Su esposa levantó la cabeza de la almohada y lo miró a la luz de la lámpara, que ardía con una llama baja. Las sombras bailaron sobre su rostro, oscurecido por un halo de cabello negro y ondulado.
—¿Qué hora es? —preguntó ella.
—Pasadas las cinco —dijo Adamat. Elevó la llama de la lámpara y retiró las mantas—. Levántate. Te vas a la casa de Offendale.
Faye agarró las mantas y se las llevó al pecho.
—¿Qué te sucede? ¿Qué casa de Offendale?
—La que compramos apenas entré en la fuerza. Por si los niños y tú llegabais a estar en peligro.
Faye se incorporó.
—Pensaba que habíamos vendido esa casa. Yo… Adamat. ¿Qué ha pasado? —Un dejo de preocupación resonó en su voz—. ¿Es por lo de la familia Lourent? ¿O un caso nuevo?
La familia Lourent lo había contratado para que investigara el escabroso pasado del pretendiente de su hija menor. Todo el asunto terminó mal cuando Adamat se vio forzado a exponer al joven como un farsante.

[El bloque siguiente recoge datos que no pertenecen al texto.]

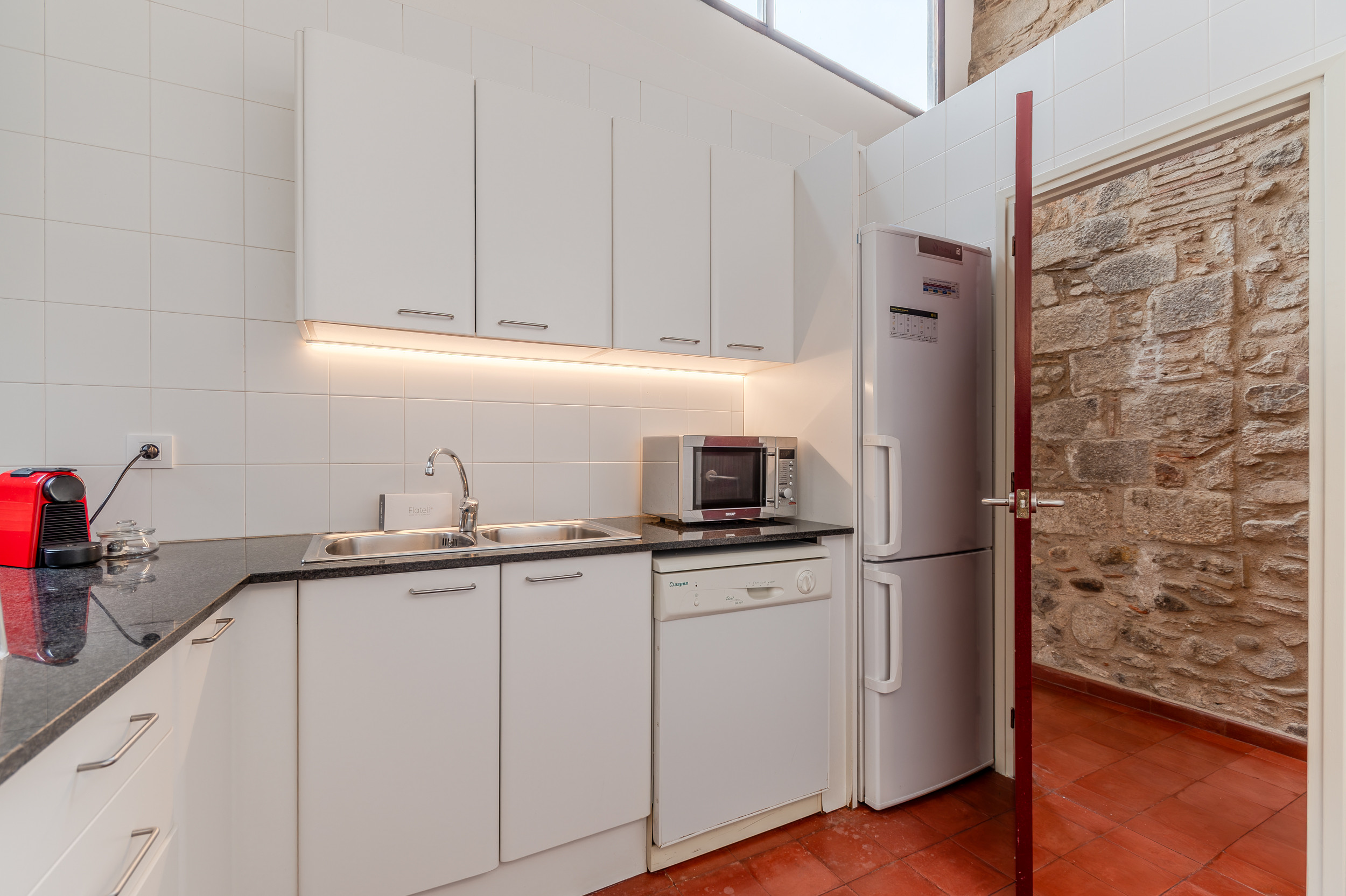 La cocina esta totalmente equipada con microondas, cafetera, nevera y fogones.
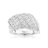 This Sterling Silver 1/5 Carat Diamond Ring with 25 Brilliant Diamonds is a sparkling statement piece that features 25 diamonds. Crafted with beautiful sterling silver and a unique, contemporary design, this ring stands out from the crowd. Perfect for women who love creating a curated look with jewellery, this ring adds a touch of glamour to any outfit. The ring not only shines with beautiful diamonds but also has delicate details that frame the design.
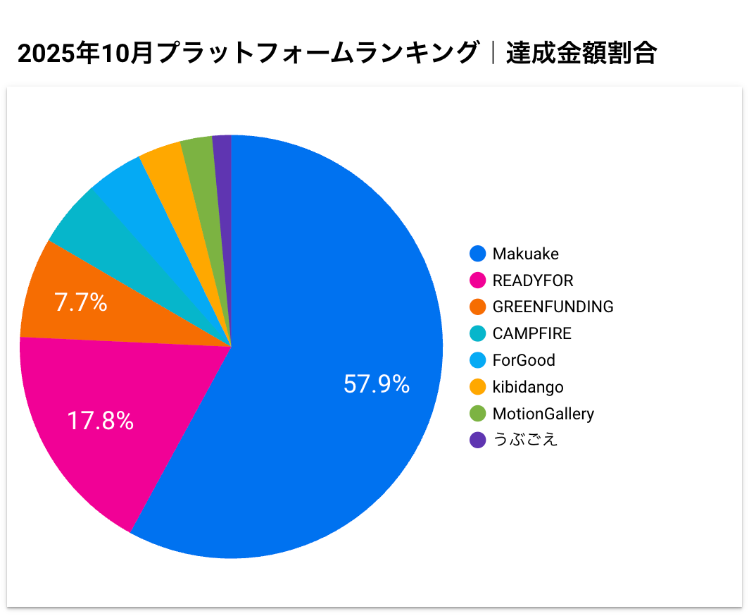 クラウドファンディングに特化したコンサルティング事業を展開する株式会社craco(本社:東京都世田谷区、代表取締役:溝橋正輝)は、国内主要クラウドファンディングプラットフォーム(※)のデータを独自に集計し、2025年10月度の市場動向調査レポートを発表いたします。
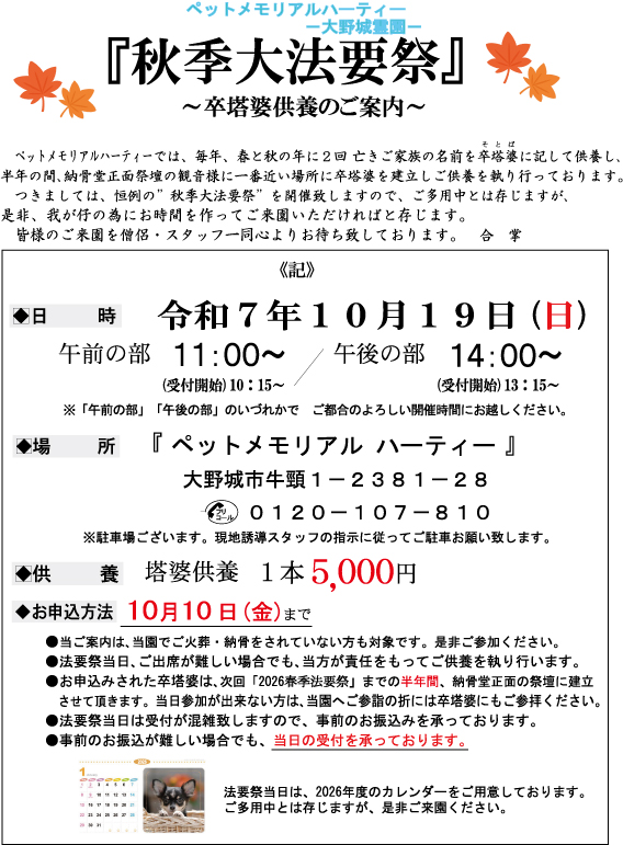 ハートランド福岡(筑紫野霊園) 2025年9月27日(土)・28日(日) 詳細はこちらをご覧ください ペットセレモ福岡(箱崎霊園) 2025年10月5日(日) 詳細はこちらをご覧ください ペットメモリアル ハーティー(大野城霊園) 2025年10月19日(日) 詳細はこちらをご覧ください |
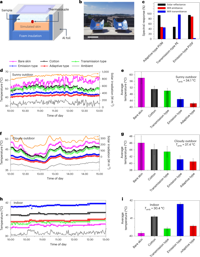 研究人员在我国南京炎热夏季的三种典型环境中测试了POM纺织品的全天候辐射人体冷却性能,包括晴朗的室外、阴天的室外和室内环境。结果表明,在室外环境中(晴天和阴天环境),POM织物覆盖的皮肤模拟器在五个样品(裸露皮肤、棉织物、透射型纺织品、发射型纺织品、自适应型纺织品)中具有最低的表面温度,对人体表现出最佳的户外冷却性能。
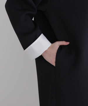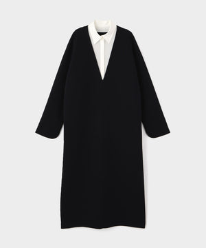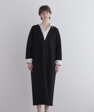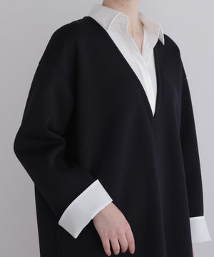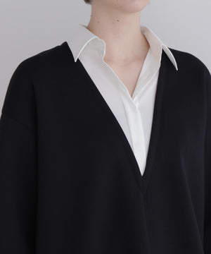 一枚で着映えする存在感がありながらも、レイヤード風のデザインがスタイリングの幅を広げ、モードで知的な印象に仕上がります。
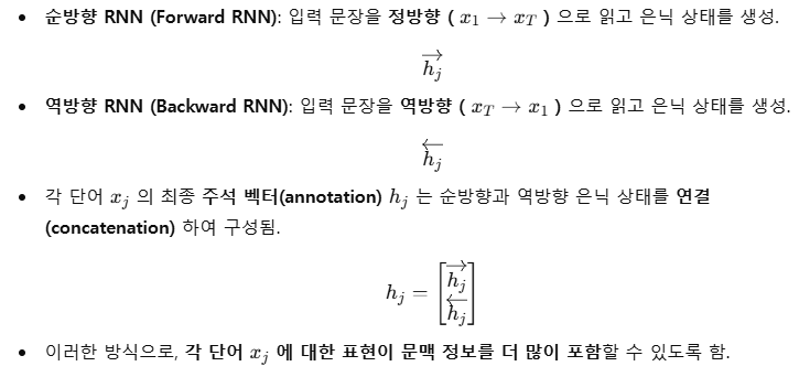 - 디코더가 특정 시점 t에서 단어 를 생성할 때, 입력 문장의 모든 단어를 참고함.
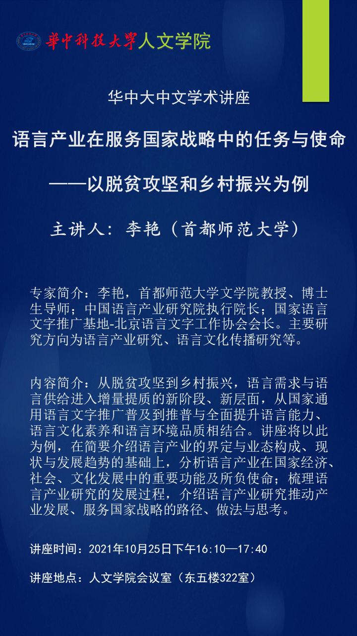 华中大中文学术讲座第94讲:语言产业在服务国家战略中的任务与使命——以脱贫攻坚和乡村振兴为例
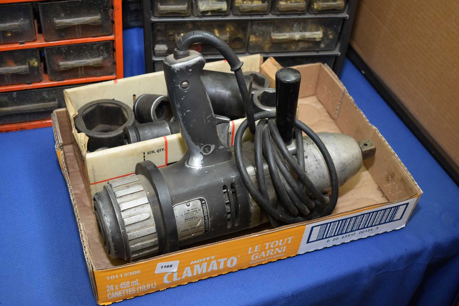 3/4" drive electric impact wrench made by Black & Decker and 3/4" drive sockets
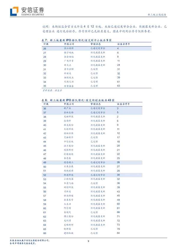 ■目前,新三板企業(yè)IPO排隊(duì)企業(yè)共84家:7家公司處于已過會(huì)待掛牌狀態(tài):分別為【松煬資源(603863)、股吧】、新化股份、長(zhǎng)江材料、新產(chǎn)業(yè)、泰林生物、德恩精工、朗進(jìn)科技。本期新增7家三板公司IPO排隊(duì),分別為:傳智播客、申昊科技、城市縱橫、交大思諾、圖南股份、科思股份、安克創(chuàng)新。近一周,按公告日統(tǒng)計(jì),新增2家三板企業(yè)參與IPO輔導(dǎo):精英數(shù)智、森合高科。
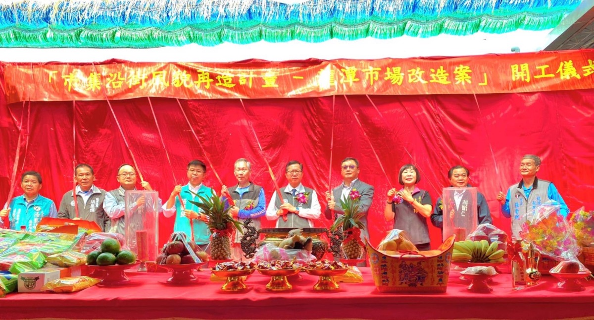 為提升龍潭市場攤商工作環境與友善採買空間,配合經濟部推動傳統市場振興措施,桃園市政府經濟發展局以「龍潭市場改造案」向經濟部申請「市集沿街風貌再造計畫」補助,總經費計7,000多萬,於今(11)日上午辦理開工儀式,市長鄭文燦親臨主持,並邀請經濟部中部辦公室主任郭坤明共襄盛舉。
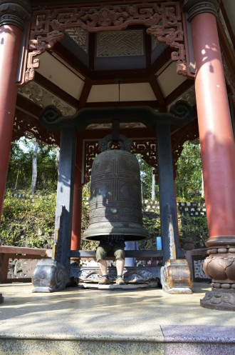 К священному колоколу.Муж залез в колокол,по приглашению монаха,и тот три раза стукнул его (колокол) бревном).
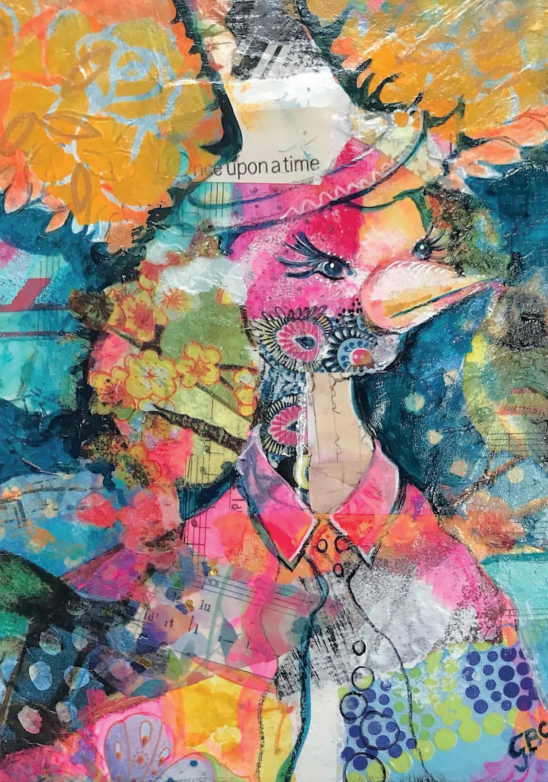 Out of a collaged background, a quirky bird emerges in his cloaked refinery. He was inspired by Gill’s love of eclectic fashion and pattern. “I love the clothes of Magnolia Pearl” explains Gill “and I was thinking of that brand when creating”. This particular piece was created during a workshop run by Carrie Swinburne.
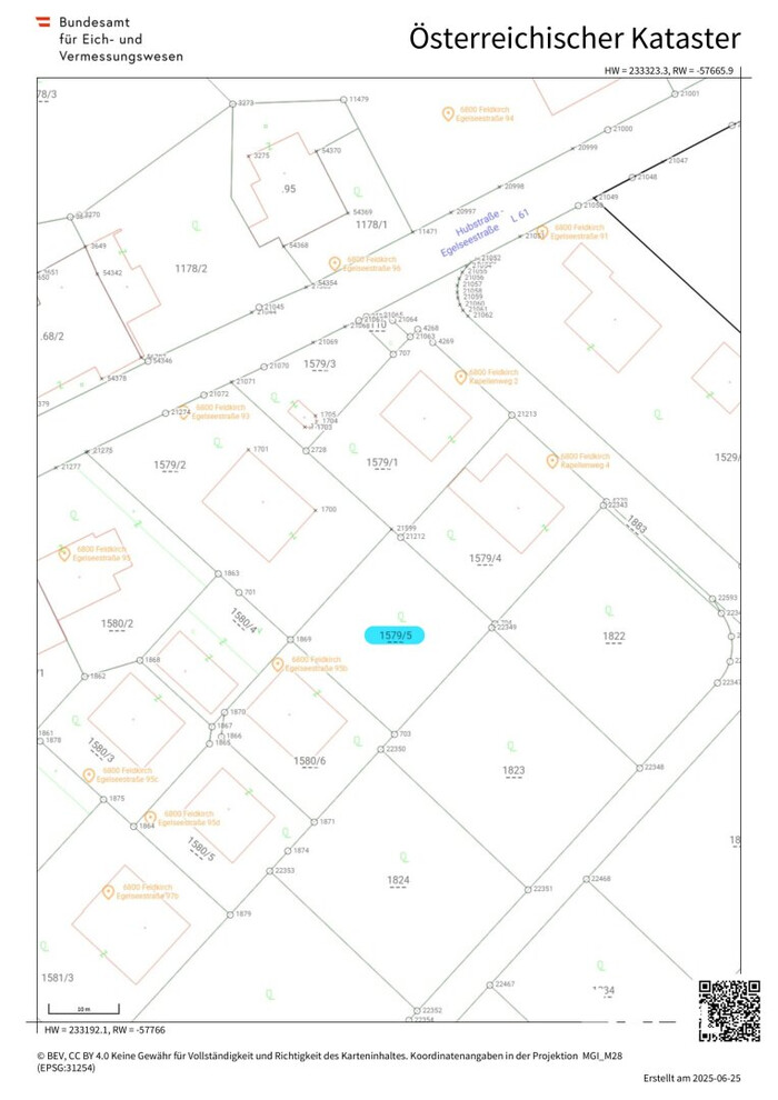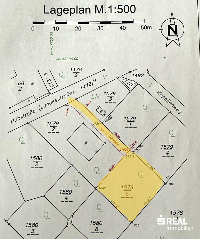 Die Grenzen sind bereits rechtsverbindlich festgelegt da sich die Grundstückseigentümer oder ihre Vorgänger im Zuge einer Grenzverhandlung auf einen Grenzverlauf geeinigt haben. Die Zufahrt zum Grundstück in 2. Baureihe ist über eine im Grundbuch eingetragene Grunddienstbarkeit des Geh- und Fahrrechtes von der Egelseestraße (bei der Kapelle Mariahilf) her geregelt.
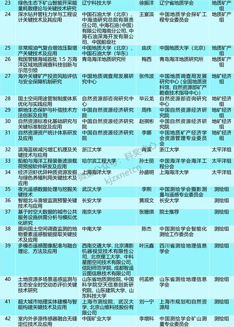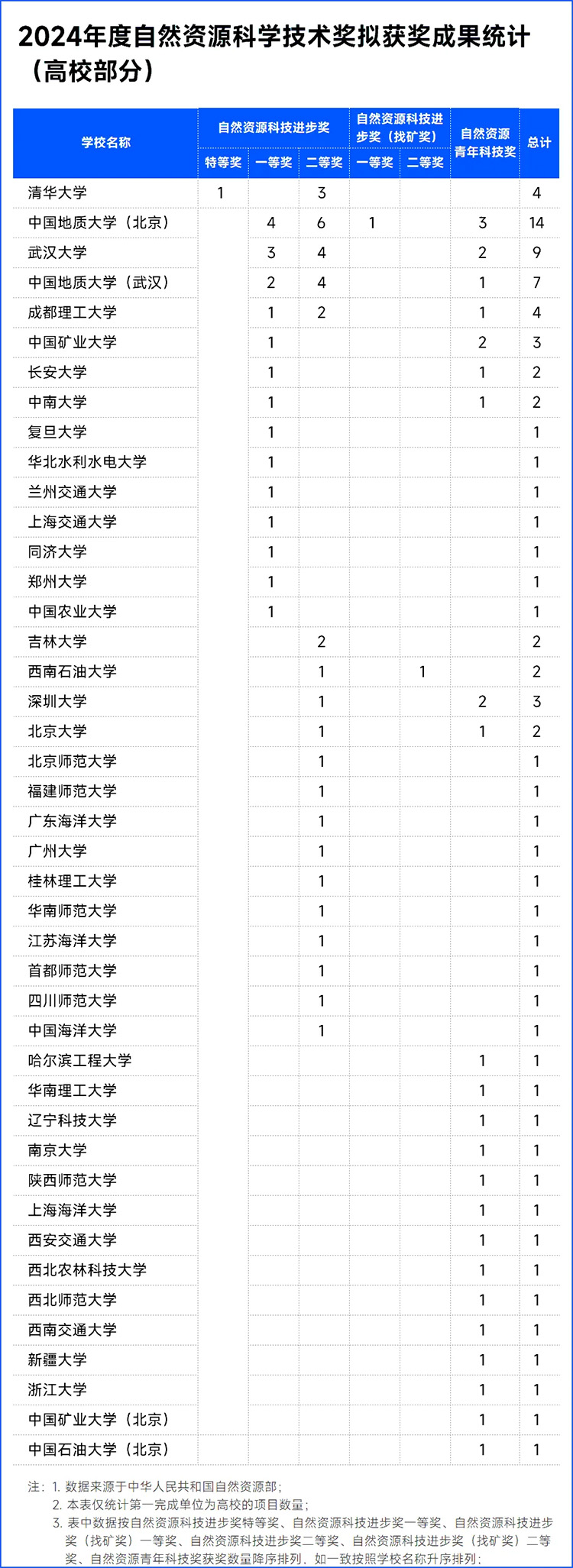 据统计,2024年度自然资源科学技术奖结果中,共有43所高校拟获奖,其中29所高校拟获科技进步奖和科技进步奖(找矿奖)。
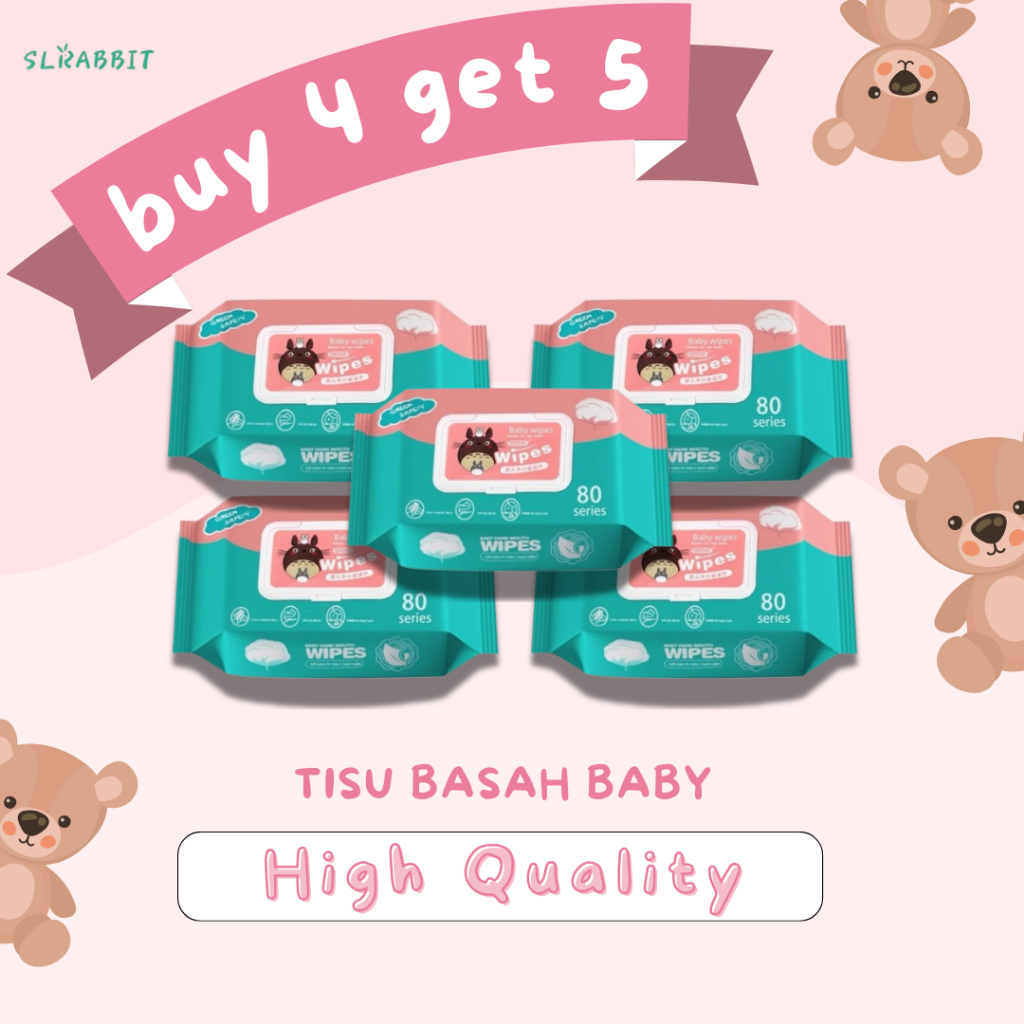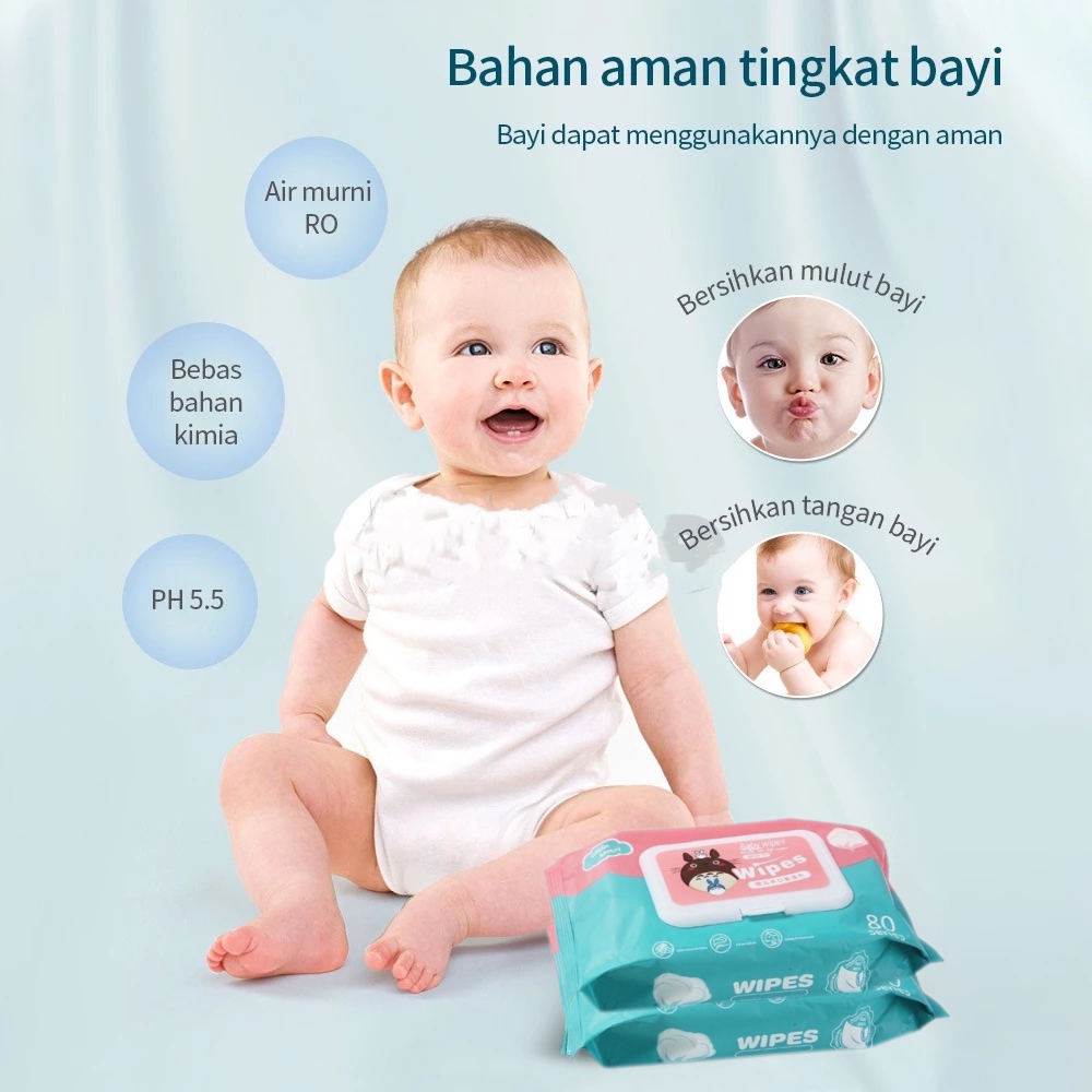 Beli 4 Gratis 1 MURAH Tisu Basah Bayi Newborn Untuk Bayi Ganti Pampers Popok Baby Wipes isi 80 Lembar / Tisu Traveling

—No, no es el caso Lourent. Es algo mucho más grande. —Adamat se volvió al oír unas pisadas suaves en el corredor—. Astrit —dijo en voz baja. Su hija pequeña llevaba un perro de peluche deshilachado bajo el brazo. Tenía puesto el camisón y un par de viejas pantuflas de Faye que le quedaban demasiado grandes. En la penumbra parecía una versión diminuta de su madre. Inclinó la cabeza con curiosidad—. Ve por tu abrigo de viaje, querida. Te vas de paseo —le dijo Adamat.
—¿Tengo que ponerme un vestido? —preguntó ella.
Adamat forzó una sonrisa.
—No, amor, solo el abrigo de viaje encima del camisón. Te irás muy pronto. No olvides los zapatos.
Ella le sonrió y se fue trotando por el vestíbulo, con el viejo perro de peluche colgando de una mano. Sus hermanos mayores la miraron con extrañeza a medida que fueron saliendo de las habitaciones.
—Josep —le dijo Adamat a su hijo mayor—. Encárgate de que tus hermanos y hermanas estén listos para partir. Rápido. Que hagan una maleta para algunas semanas.